Using a variety of expressions, in both the accomplished musicians joining Brigitte Beraha and the creative meld that goes in each of the four tracks, Lucid Dreamers doesn’t just take you through a myriad of notes or the dramatic sequences of acoustic and electronic wonder but it adds tension, tragedy, enveloping performance and an insight into how the mind can function when allowed to break down the perceived barriers that other insist you adhere too, that you religiously follow without question.

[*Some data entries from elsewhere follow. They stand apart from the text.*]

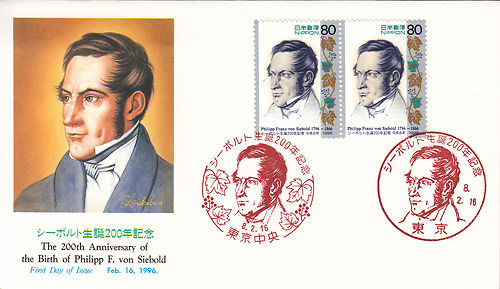 Zum 200. Geburtstag von Philipp Franz von Siebold erschien 1996 eine Gemeinschaftsausgabe von Deutschland (Michel-Nr. 1842) und Japan (Mi.-Nr. 2365). Von Siebold war unter anderem ein bekannter Japan-Forscher und wurde in 4 Jahren, die er in Japan verbrachte, dort hoch verehrt. Die beiden Marken sind nicht bildgleich, aber die Abbildung von Siebold ist bei beiden identisch. Einen Kombibeleg mit beiden Marken habe ich nicht gefunden:
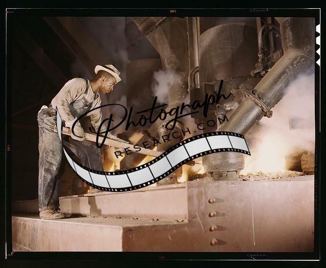 Title: TVA chemical plant, electric furnace loaded with phosphate, vicinity of Muscle Shoals, Alabama
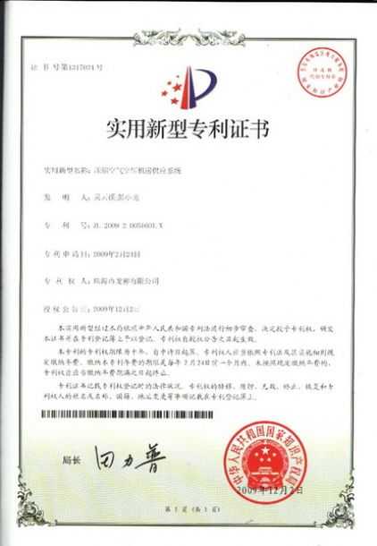 ![]() 壓縮空氣空壓機(jī)房供應(yīng)系統(tǒng)專利證書 |
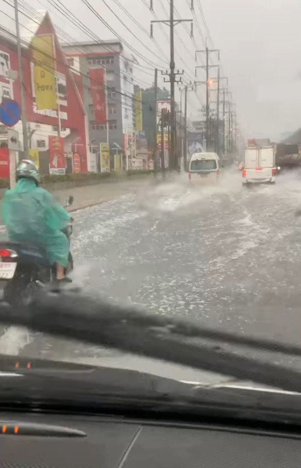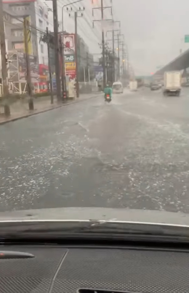 11.31 น. ถนนเทพรัตน (บางนา-ตราด) ขาเข้า หน้าไทวัสดุ บางนา ช่องทางคู่ขนาน น้ำท่วมขังทุกช่องทาง รถติดมาก #รายงานจราจร #รถติด #น้ำท่วม #FM91
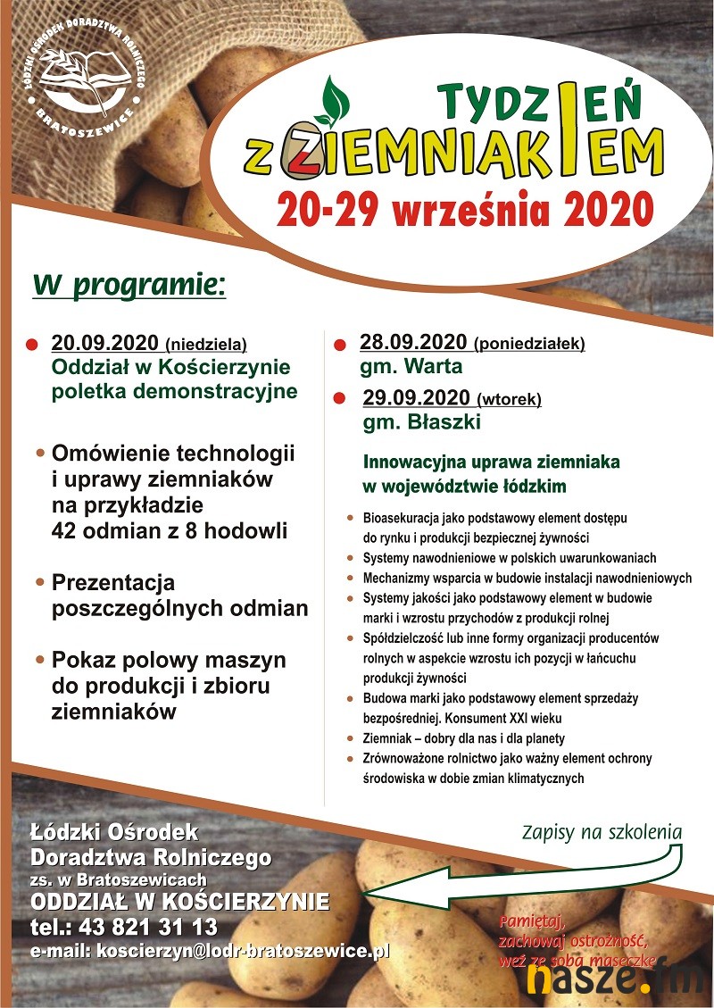 Ziemia sieradzko-wieluńska słynie z uprawy smacznego i zdrowego ziemniaka, dlatego też wychodząc naprzeciw zapotrzebowaniu, Łódzki Ośrodek Doradztwa Rolniczego z siedzibą w Bratoszewicach Oddział w Kościerzynie w dniach 20-29 września br. organizuje wydarzenie pod nazwą "Tydzień z ziemniakiem”.

By breaking down these obstacles that lie in the realm between sleep and roused conscious, Brigitte Beraha, George Cowley, Tim Giles and Alcyona Mick bring the tracks Meaning Of The Blues/Orderly Ruin, Disorderly Ruin, Pandora’s Box and Lucid Dreamers from behind the thinly veiled sheen of romanticised and idealised perfection and instead offer the listener a relevance of truth, the individuality of fragile cohesion in a world consumed by dismissing dreams as flights of fancy.

An explosion of sound, the commotion of silence in wonder driven by openness and a pulse of human activity; Lucid Dreamers is forceful, sustained aural theatre, and it demands nothing but your dreams in action in return. Utterly stunning.

Brigitte Beraha releases Lucid Dreamers via Let Me Out Records on July 1st.